**Data records:**
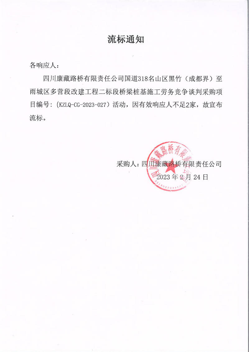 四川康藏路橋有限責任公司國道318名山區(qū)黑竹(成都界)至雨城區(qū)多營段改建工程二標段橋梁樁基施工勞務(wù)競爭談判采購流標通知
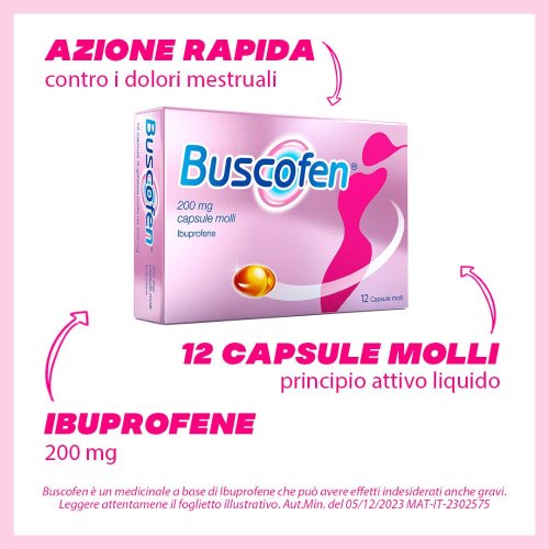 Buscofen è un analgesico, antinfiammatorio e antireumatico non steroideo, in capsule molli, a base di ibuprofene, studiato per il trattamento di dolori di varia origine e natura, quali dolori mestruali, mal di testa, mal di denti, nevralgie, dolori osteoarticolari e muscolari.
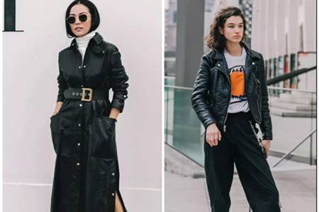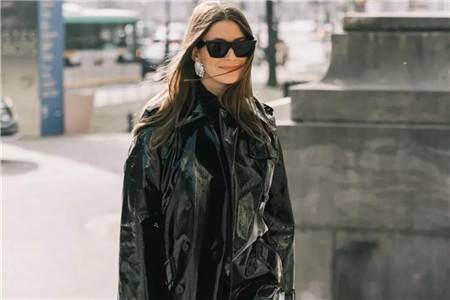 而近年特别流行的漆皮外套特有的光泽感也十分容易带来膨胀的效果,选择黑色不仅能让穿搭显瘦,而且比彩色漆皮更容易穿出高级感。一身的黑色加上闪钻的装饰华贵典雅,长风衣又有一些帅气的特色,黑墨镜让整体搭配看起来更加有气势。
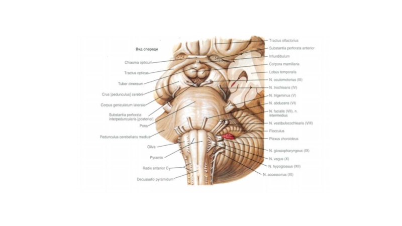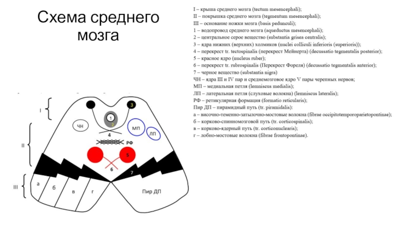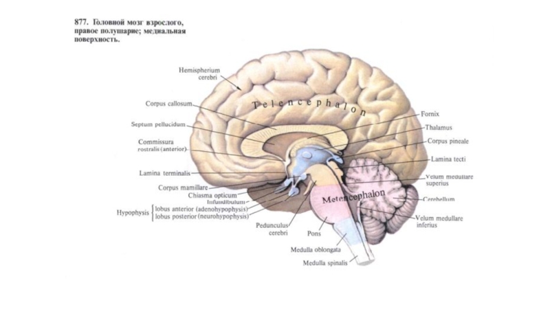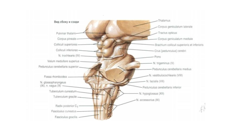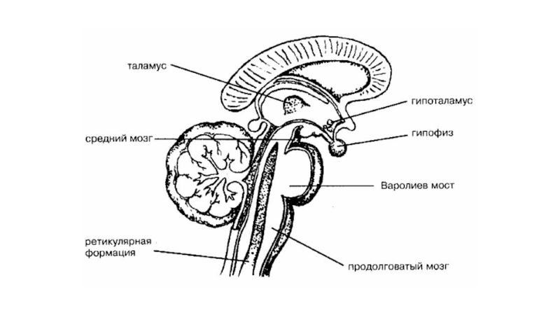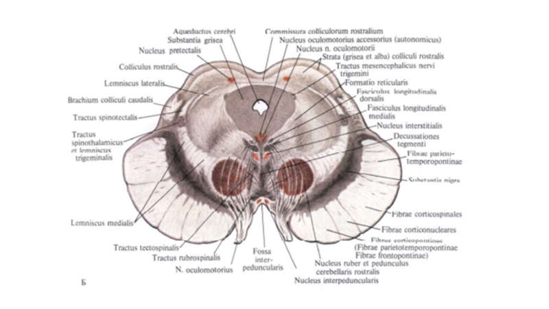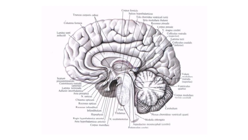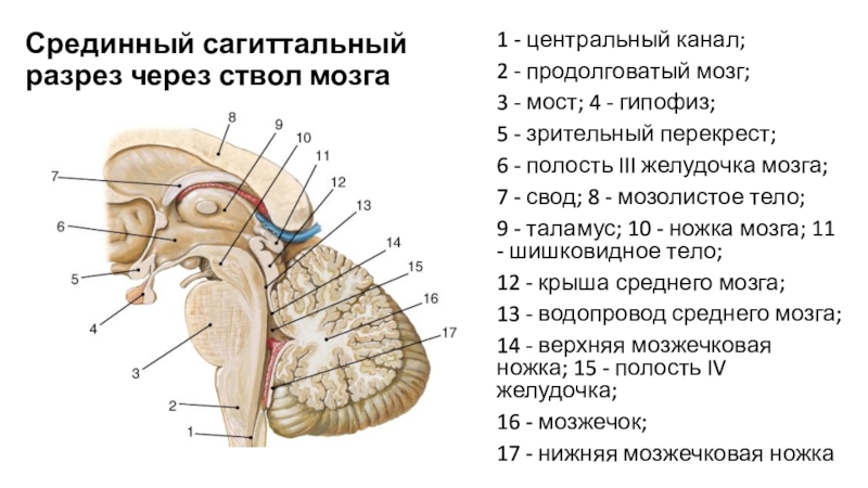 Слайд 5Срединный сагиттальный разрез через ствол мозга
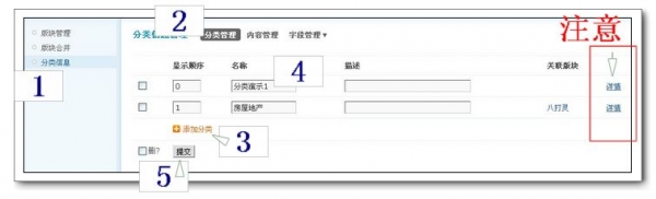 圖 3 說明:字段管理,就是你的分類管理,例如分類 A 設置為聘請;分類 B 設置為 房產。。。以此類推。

**Work item:** Quote exactly the lines from the line that contains "而近年特别流行的漆皮外套特有" through the last line of the listing, please, leaving out all pictures.

**Solution to this problem:**
 而近年特别流行的漆皮外套特有的光泽感也十分容易带来膨胀的效果,选择黑色不仅能让穿搭显瘦,而且比彩色漆皮更容易穿出高级感。一身的黑色加上闪钻的装饰华贵典雅,长风衣又有一些帅气的特色,黑墨镜让整体搭配看起来更加有气势。
 Слайд 5Срединный сагиттальный разрез через ствол мозга
 圖 3 說明:字段管理,就是你的分類管理,例如分類 A 設置為聘請;分類 B 設置為 房產。。。以此類推。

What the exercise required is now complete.